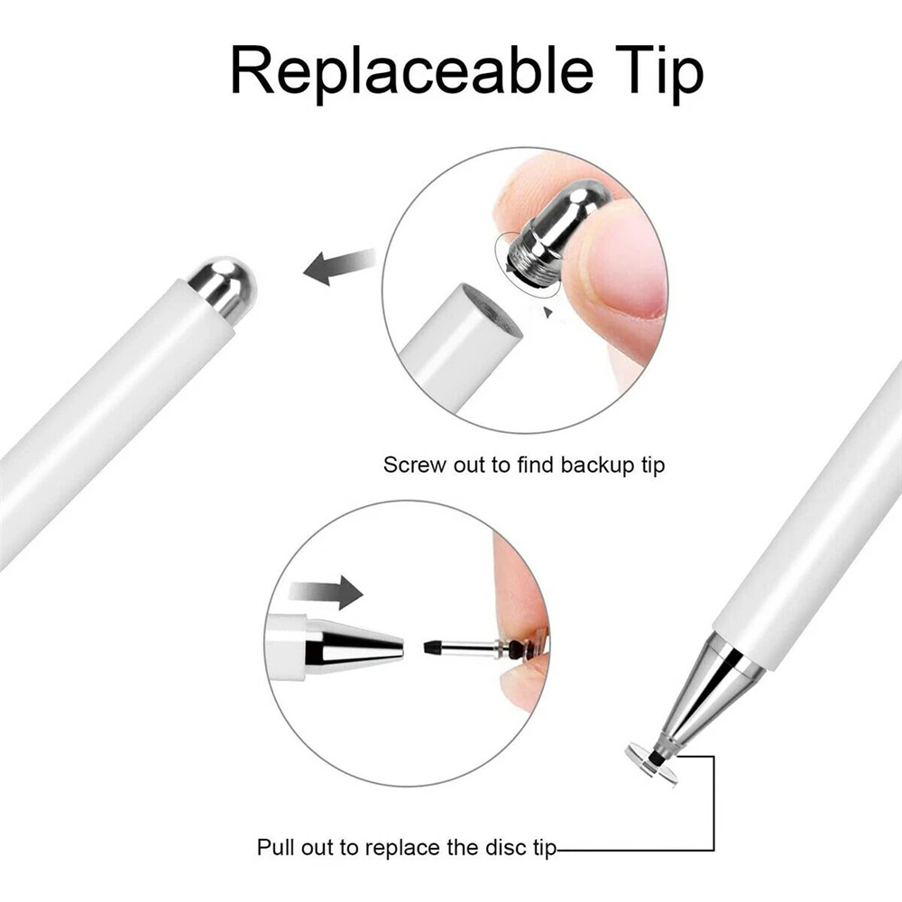 Особенности стилусов:Корпус ручки из алюминиевого цилиндра, положение наконечника диска соединено металлическими стальными шариками для улучшения срока службы и двойной долговечности. Оба конца являются заменяемыми, обеспечивая плавное написание ручки для ваших тачскрин планшетов и смартфонов.
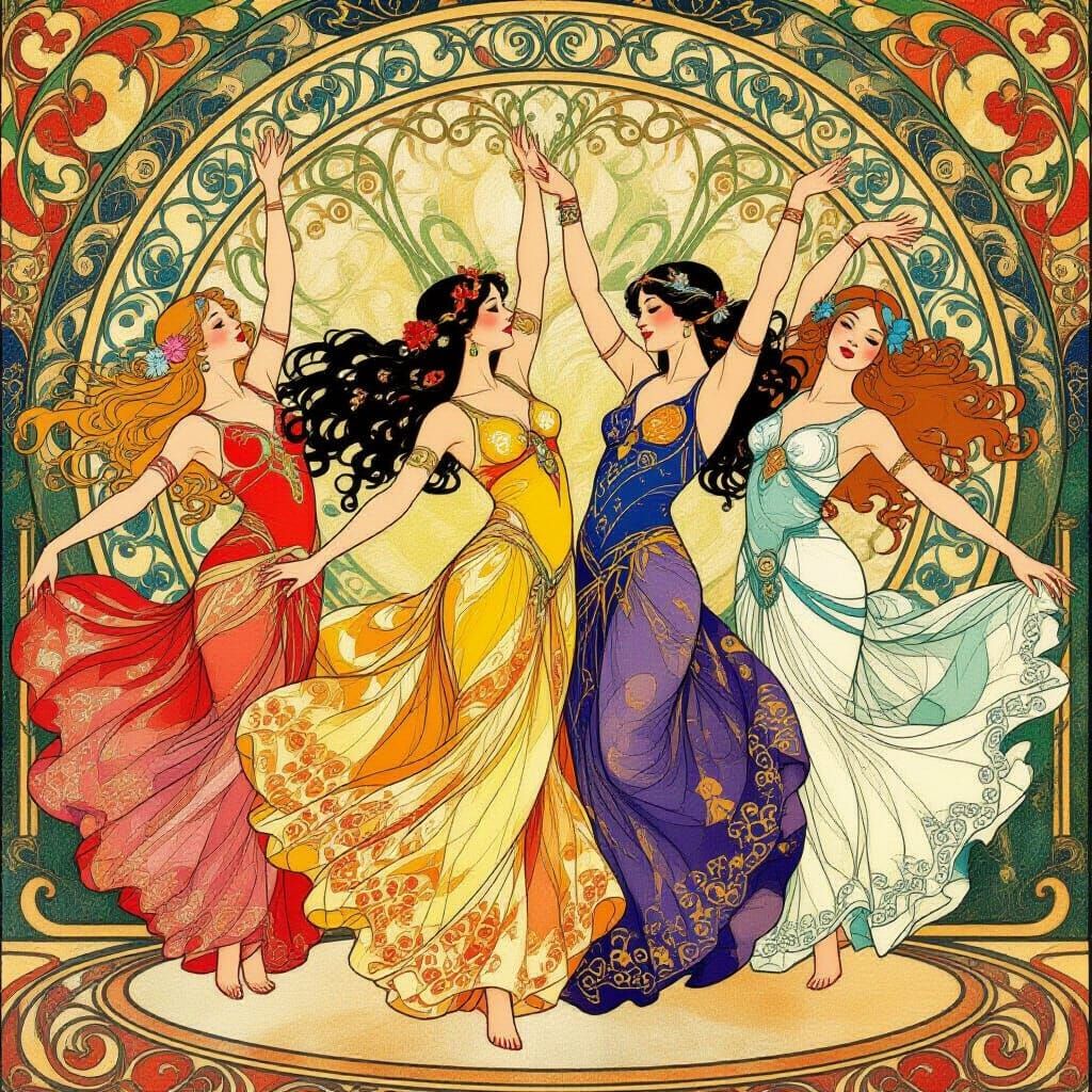This image shows five women in stunning, colorful dresses performing acrobatic dance. The art style is inspired by Art Nouveau and incorporates elegant, swirling movements.
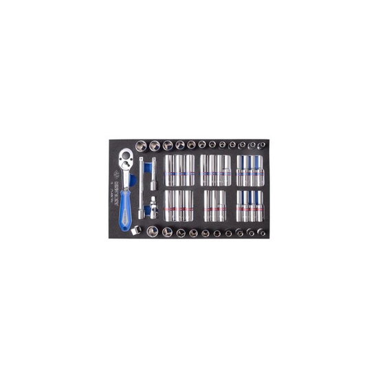 ZESTAW NASADEK 1/4" 48cz. KRÓTKIE/DŁUGIE, 6-kąt. 4 - 13mm, CALOWE 5/32"-1/2" Z AKCESORIAMI, WKŁAD Z PIANKI EVA DO WÓZKA 9-2548CRV King Tony
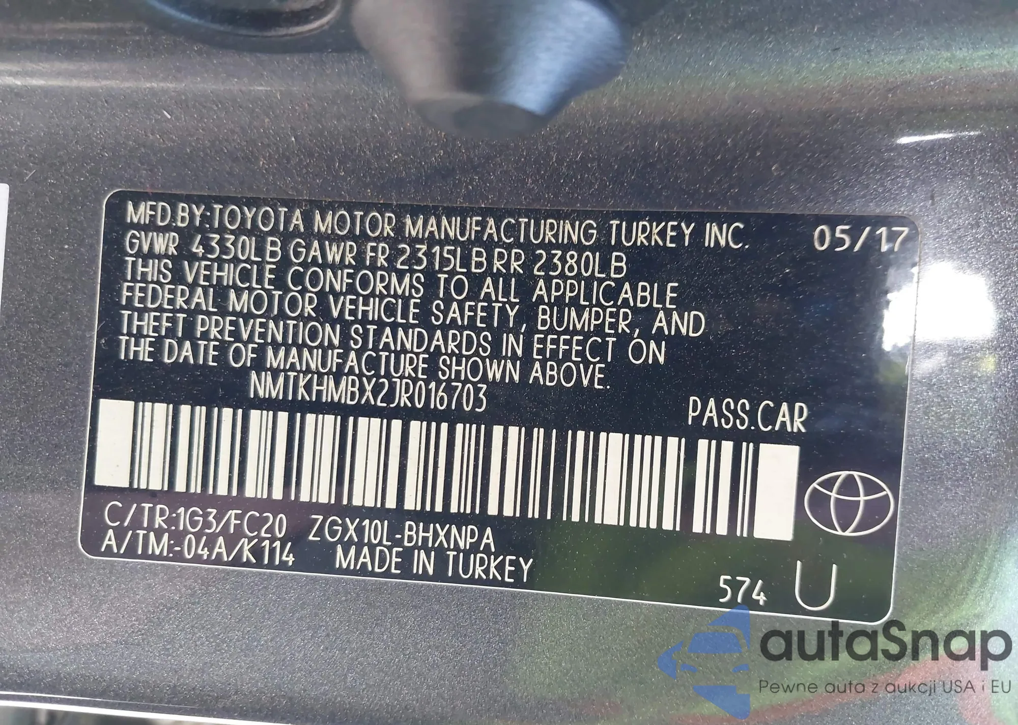 • VIN 1NXBU4EEXAZ374078
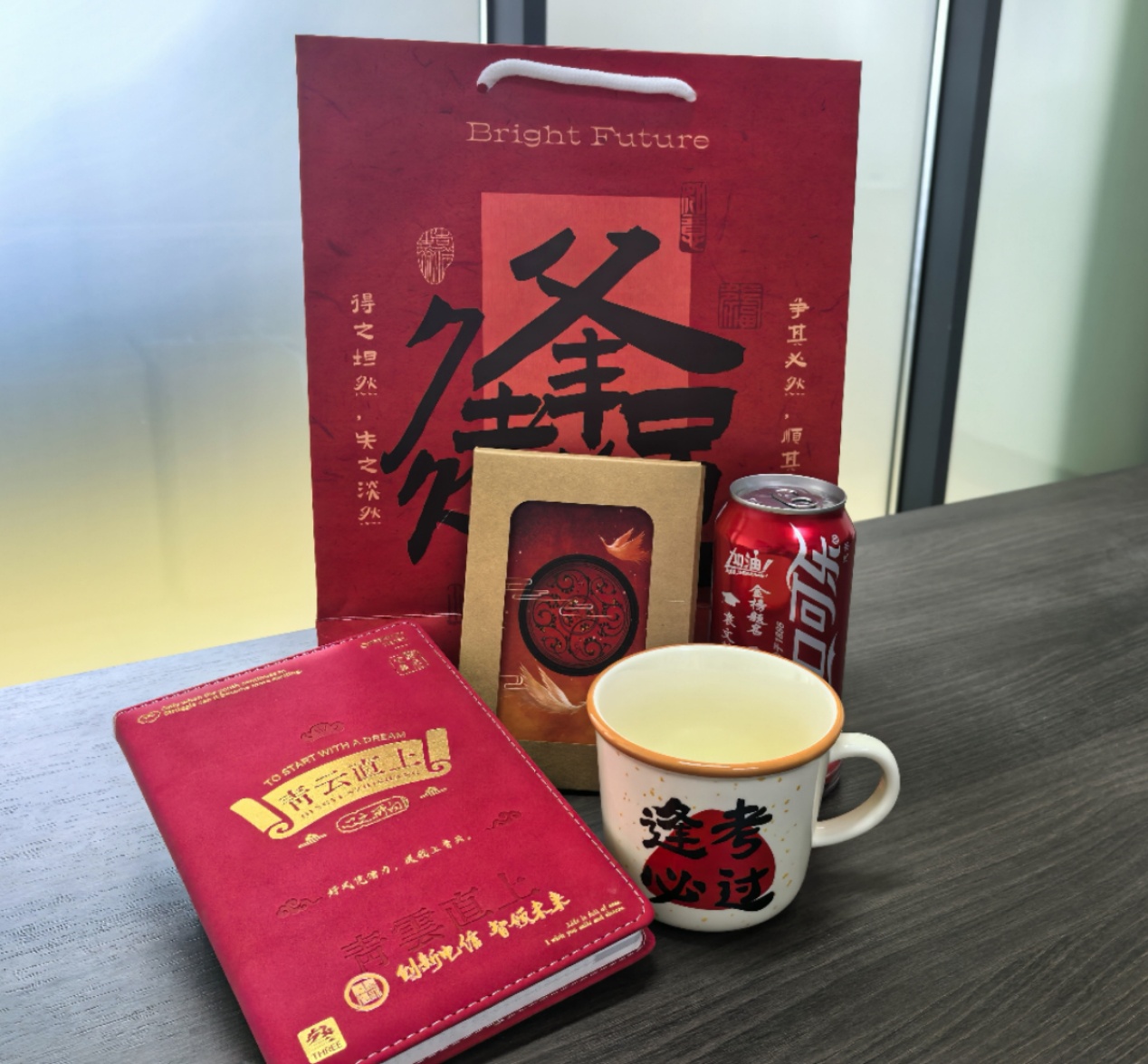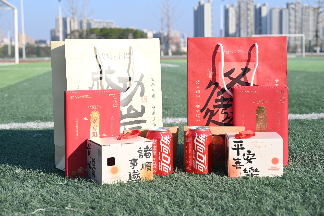 手提袋印制“逢考必过”“成功上岸”等加油语,真诚祝愿每一位考生考试顺利、研途坦荡。红色定制笔记本封面印有学院logo及“创新电信 智领未来”标语,祝福大家“顶峰相见”。定制版可乐刻印学生姓名以及“金榜题名 乘风破浪”等祝福语,寓意“百事可乐,一切顺利”。“逢考必过”幸运杯祝福考研学子诸事顺遂,一战成硕。另外还精心挑选了10张荆州博物馆联名的明信片,祝福大家成功上岸。
■ ■ ■ ■ ■
Take the listing above and print it exactly, apart from the pictures.

 Особенности стилусов:Корпус ручки из алюминиевого цилиндра, положение наконечника диска соединено металлическими стальными шариками для улучшения срока службы и двойной долговечности. Оба конца являются заменяемыми, обеспечивая плавное написание ручки для ваших тачскрин планшетов и смартфонов.
This image shows five women in stunning, colorful dresses performing acrobatic dance. The art style is inspired by Art Nouveau and incorporates elegant, swirling movements.
 ZESTAW NASADEK 1/4" 48cz. KRÓTKIE/DŁUGIE, 6-kąt. 4 - 13mm, CALOWE 5/32"-1/2" Z AKCESORIAMI, WKŁAD Z PIANKI EVA DO WÓZKA 9-2548CRV King Tony
 • VIN 1NXBU4EEXAZ374078
 手提袋印制“逢考必过”“成功上岸”等加油语,真诚祝愿每一位考生考试顺利、研途坦荡。红色定制笔记本封面印有学院logo及“创新电信 智领未来”标语,祝福大家“顶峰相见”。定制版可乐刻印学生姓名以及“金榜题名 乘风破浪”等祝福语,寓意“百事可乐,一切顺利”。“逢考必过”幸运杯祝福考研学子诸事顺遂,一战成硕。另外还精心挑选了10张荆州博物馆联名的明信片,祝福大家成功上岸。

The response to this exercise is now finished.